-- YOUR TASK --
Return all lines of the data in which the string "made" occurs.

━━━ GIVEN DATA

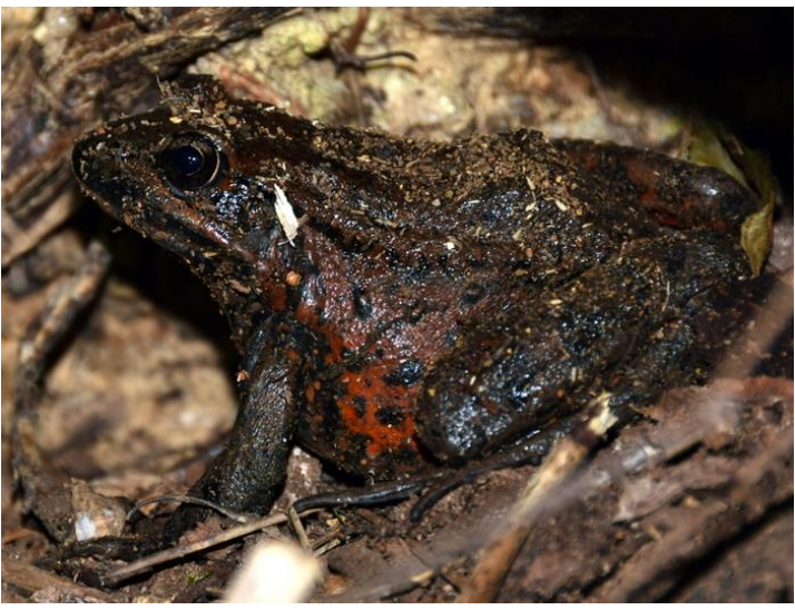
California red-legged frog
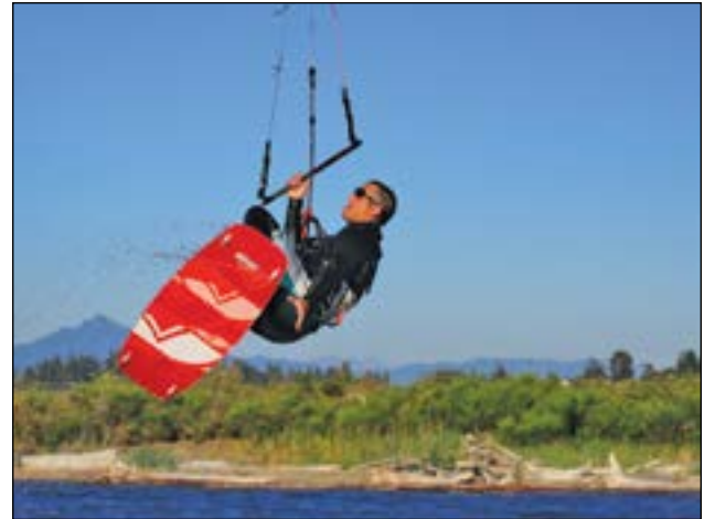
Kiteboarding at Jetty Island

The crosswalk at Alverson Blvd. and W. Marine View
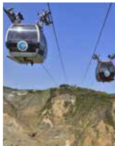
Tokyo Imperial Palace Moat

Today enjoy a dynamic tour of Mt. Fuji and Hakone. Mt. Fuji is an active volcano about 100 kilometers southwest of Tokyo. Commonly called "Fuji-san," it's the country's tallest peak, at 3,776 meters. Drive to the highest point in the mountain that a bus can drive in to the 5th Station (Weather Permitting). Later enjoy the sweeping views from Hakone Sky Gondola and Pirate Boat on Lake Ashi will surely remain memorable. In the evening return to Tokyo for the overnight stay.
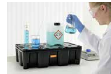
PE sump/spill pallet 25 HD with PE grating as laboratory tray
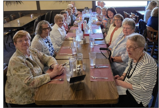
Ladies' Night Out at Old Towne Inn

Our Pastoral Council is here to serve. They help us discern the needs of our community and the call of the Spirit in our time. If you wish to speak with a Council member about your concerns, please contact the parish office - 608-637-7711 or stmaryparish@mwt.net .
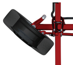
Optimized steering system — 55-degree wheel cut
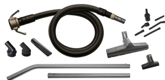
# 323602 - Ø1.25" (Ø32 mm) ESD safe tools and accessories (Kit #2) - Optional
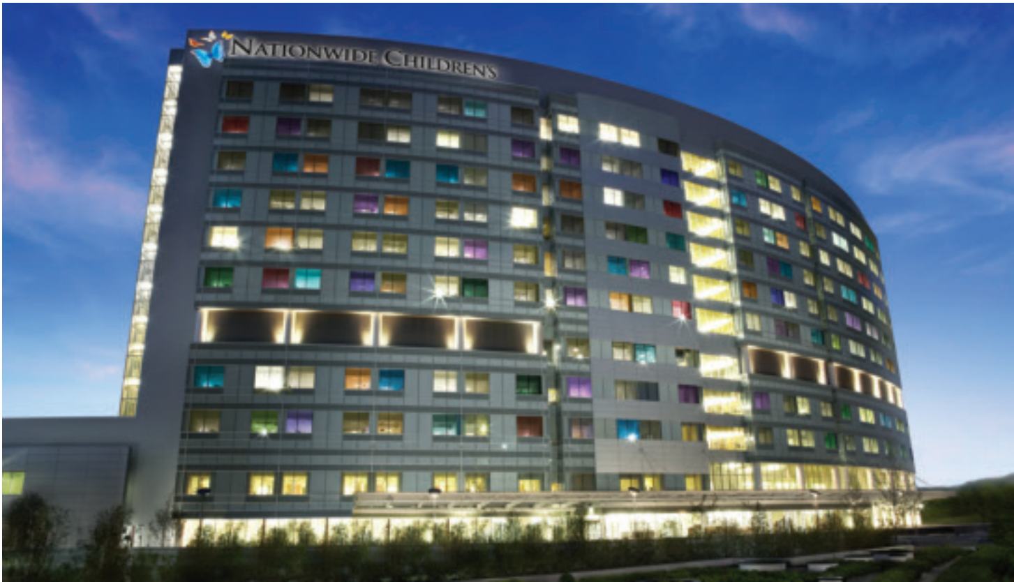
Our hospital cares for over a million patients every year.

━━━━━━
━━━ GIVEN DATA

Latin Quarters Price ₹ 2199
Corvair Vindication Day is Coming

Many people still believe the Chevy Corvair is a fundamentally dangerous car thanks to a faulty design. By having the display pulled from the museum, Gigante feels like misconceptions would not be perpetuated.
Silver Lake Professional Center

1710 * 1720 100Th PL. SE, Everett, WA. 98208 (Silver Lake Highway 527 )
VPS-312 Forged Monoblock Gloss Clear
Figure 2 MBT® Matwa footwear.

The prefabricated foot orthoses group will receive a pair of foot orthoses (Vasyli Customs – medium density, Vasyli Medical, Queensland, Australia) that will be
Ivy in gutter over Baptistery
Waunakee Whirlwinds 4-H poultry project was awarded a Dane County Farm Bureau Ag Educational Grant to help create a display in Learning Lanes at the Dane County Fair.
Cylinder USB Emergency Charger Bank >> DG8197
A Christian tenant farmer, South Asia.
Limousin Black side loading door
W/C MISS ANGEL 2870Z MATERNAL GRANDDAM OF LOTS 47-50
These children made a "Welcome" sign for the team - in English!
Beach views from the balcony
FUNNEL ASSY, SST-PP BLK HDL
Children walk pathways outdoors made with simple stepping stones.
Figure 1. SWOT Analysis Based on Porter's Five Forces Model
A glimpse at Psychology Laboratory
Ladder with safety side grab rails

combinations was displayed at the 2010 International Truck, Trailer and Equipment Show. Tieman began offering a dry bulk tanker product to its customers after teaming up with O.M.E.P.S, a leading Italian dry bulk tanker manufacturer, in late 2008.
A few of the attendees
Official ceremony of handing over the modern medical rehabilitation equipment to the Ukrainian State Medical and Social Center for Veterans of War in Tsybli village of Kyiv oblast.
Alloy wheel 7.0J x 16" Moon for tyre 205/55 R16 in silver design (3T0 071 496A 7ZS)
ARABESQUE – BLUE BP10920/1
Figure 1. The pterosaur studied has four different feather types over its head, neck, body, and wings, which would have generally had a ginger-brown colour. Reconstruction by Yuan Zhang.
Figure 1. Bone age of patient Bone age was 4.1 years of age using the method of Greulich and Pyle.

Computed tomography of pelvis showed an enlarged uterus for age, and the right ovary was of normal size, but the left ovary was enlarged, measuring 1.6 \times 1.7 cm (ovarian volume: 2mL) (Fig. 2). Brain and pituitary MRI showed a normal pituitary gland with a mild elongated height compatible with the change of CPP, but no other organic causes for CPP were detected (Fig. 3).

━━━━━━
━━━ GIVEN DATA

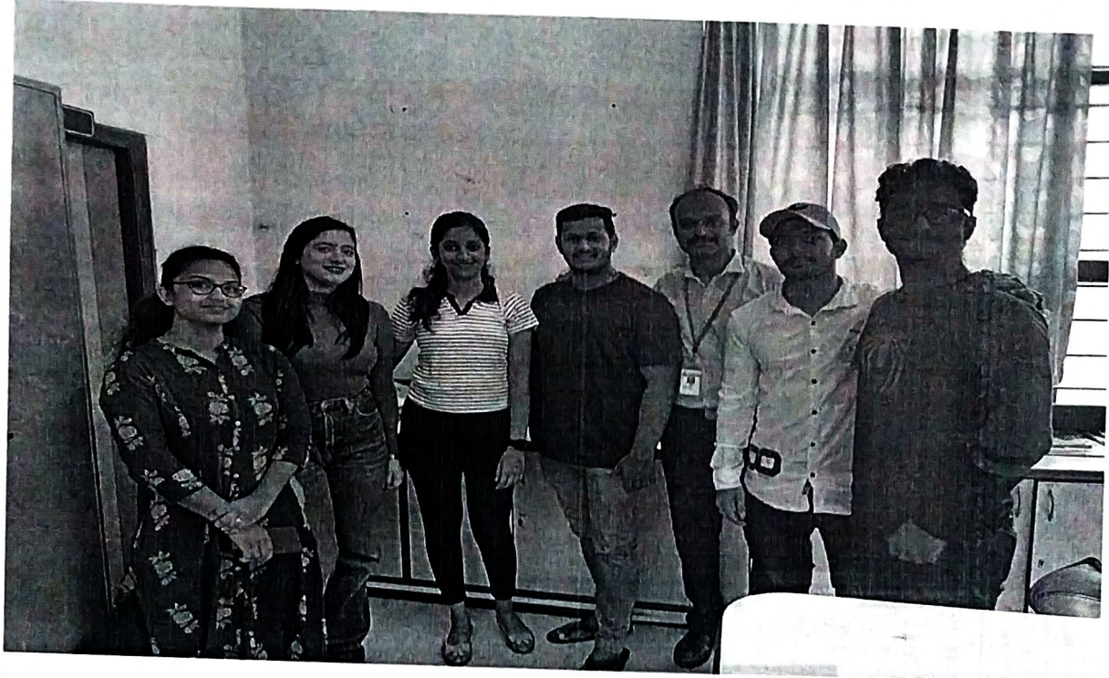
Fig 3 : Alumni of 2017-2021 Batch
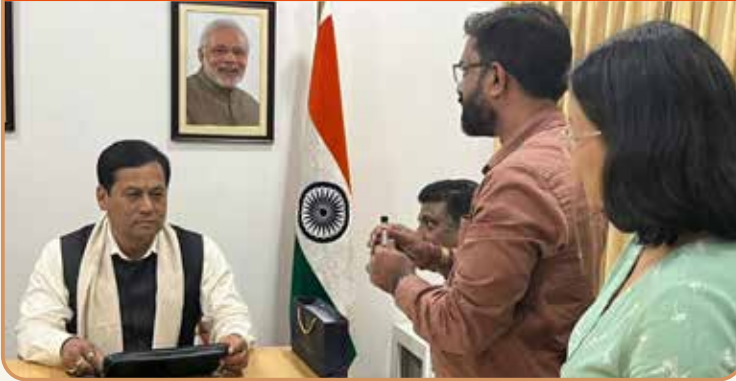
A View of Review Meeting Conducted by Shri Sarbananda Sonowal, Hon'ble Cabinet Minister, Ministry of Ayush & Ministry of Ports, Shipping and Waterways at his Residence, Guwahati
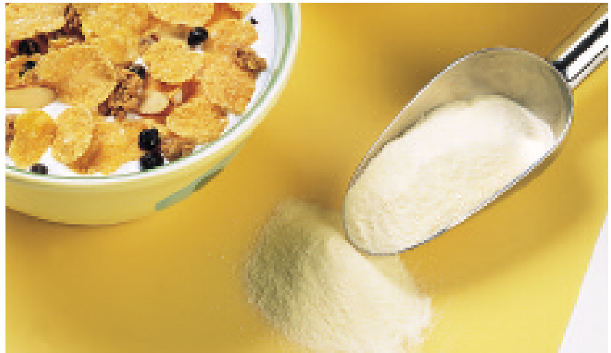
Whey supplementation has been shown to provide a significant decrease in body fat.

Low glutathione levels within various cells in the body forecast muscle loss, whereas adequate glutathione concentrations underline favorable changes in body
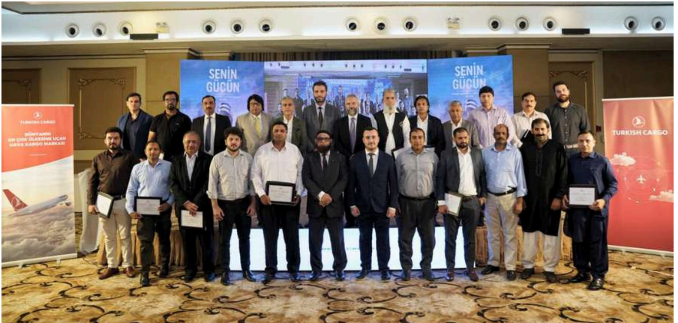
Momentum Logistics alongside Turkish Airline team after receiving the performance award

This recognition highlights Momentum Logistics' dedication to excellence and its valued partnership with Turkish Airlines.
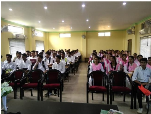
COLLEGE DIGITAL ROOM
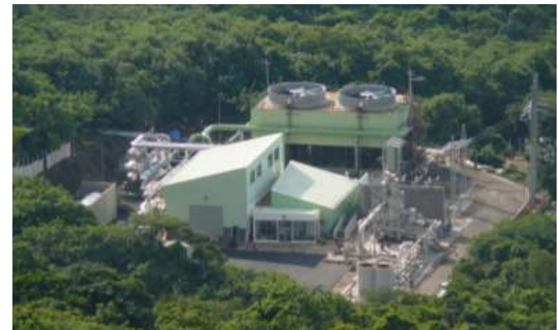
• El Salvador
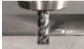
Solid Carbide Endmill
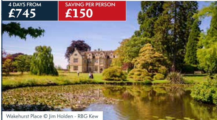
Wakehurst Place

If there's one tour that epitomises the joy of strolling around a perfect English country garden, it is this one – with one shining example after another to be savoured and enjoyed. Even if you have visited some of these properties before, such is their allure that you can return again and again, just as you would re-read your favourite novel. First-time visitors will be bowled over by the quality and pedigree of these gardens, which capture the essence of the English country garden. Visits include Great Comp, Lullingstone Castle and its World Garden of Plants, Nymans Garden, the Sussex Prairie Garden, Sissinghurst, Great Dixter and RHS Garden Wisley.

━━━━━━

-- SOLUTION TO THIS PROBLEM --
These children made a "Welcome" sign for the team - in English!
Children walk pathways outdoors made with simple stepping stones.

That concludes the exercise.